Chinese-American mathematician

Paul Tseng (曾匀) was a Taiwanese-born American-Canadian applied mathematician and a professor at the Department of Mathematics at the University of Washington, in Seattle, Washington. Tseng was recognized by his peers to be one of the leading optimization researchers of his generation. On August 13, 2009, Paul Tseng went missing while kayaking in the Jinsha River in the Yunnan province of China and is presumed dead.

== Biography ==
Tseng was born September 21, 1959, in Hsinchu, Taiwan. In December 1970, Tseng's family moved to Vancouver, British Columbia. Tseng received his B.Sc. from Queen's University in 1981 and his Ph.D. from Massachusetts Institute of Technology in 1986. In 1990 Tseng moved to the University of Washington's Department of Mathematics. Tseng has conducted research primarily in continuous optimization and secondarily in discrete optimization and distributed computation.

== Research ==
Tseng made many contributions to mathematical optimization, publishing many articles and helping to develop quality software that has been widely used.
He published over 120 papers in optimization and had close collaborations with several colleagues, including Dimitri Bertsekas and Zhi-Quan Tom Luo.

Tseng's research subjects include:
- Efficient algorithms for structured convex programs and network flow problems,
- Complexity analysis of interior point methods for linear programming,
- Parallel and distributed computing,
- Error bounds and convergence analysis of iterative algorithms for optimization problems and variational inequalities,
- Interior point methods and semidefinite relaxations for hard quadratic and matrix optimization problems, and
- Applications of large scale optimization techniques in signal processing and machine learning.
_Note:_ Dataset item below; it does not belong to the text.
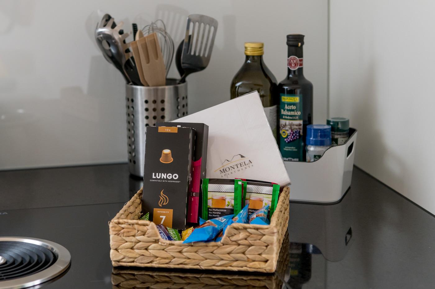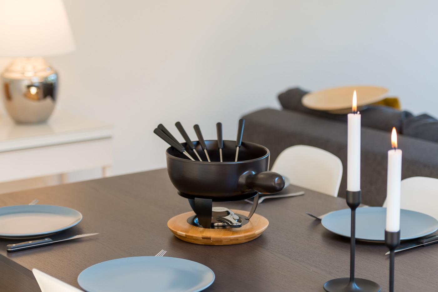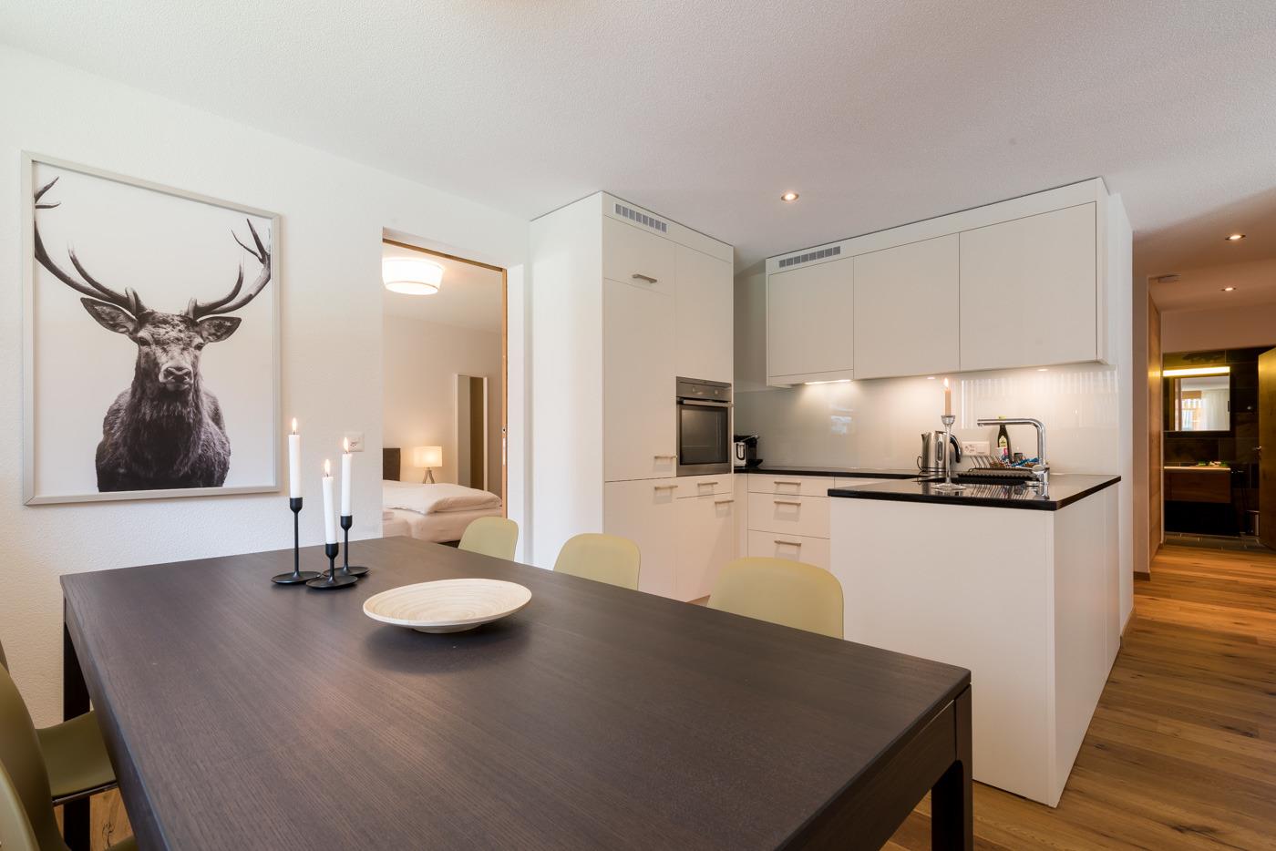 Die modernen Wohnungen sind geschmackvoll, gut und hell eingerichtet, sehr gute Ausstattung. Jeweils Kabel-Flat-TV (Apple-TV) und Radio. Die Küchen sind sehr gut und vollständig ausgestattet mit Einbauhherd (4 Ceranfelder), Backofen, Mikrowelle, Geschirrspüler, Kühl-/Gefrierkombination, Filter-Kaffeemaschine, Nespresso-Kapsel-Kaffeemaschine, Wasserkocher, Toaster, Fondue-Rechaud und Raclette-Gerät. Holzdielenböden im Wohnraum und Schlafzimmern mit Fußbodenheizung. Jedes Bad mit Haartrockner.

In his research, Tseng gave a new proof for the sharpest complexity result for path-following interior-point methods for linear programming. Furthermore, together with Tom Luo, he resolved a long-standing open question on the convergence of matrix splitting algorithms for linear complementarity problems and affine variational inequalities. Tseng was the first to establish the convergence of the affine scaling algorithm for linear programming in the presence of degeneracy.
Tseng has coauthored (with his Ph.D. advisor, Dimitri Bertsekas) a publicly available network optimization program, called RELAX, which has been widely used in industry and academia for research purposes. This software has been used by statisticians like Paul R. Rosenbaum and Donald Rubin in their work on propensity score matching. Tseng's software for matching has similarly been used in nonparametric statistics to implement exact tests. Tseng has also developed a program called ERELAXG, for network optimization problems with gains. In 2010 conferences in his honor were held at the University of Washington and at Fudan University in Shanghai. Tseng's personal web page can be accessed in the exact state it was at the time of his disappearance, and contains many of his writings.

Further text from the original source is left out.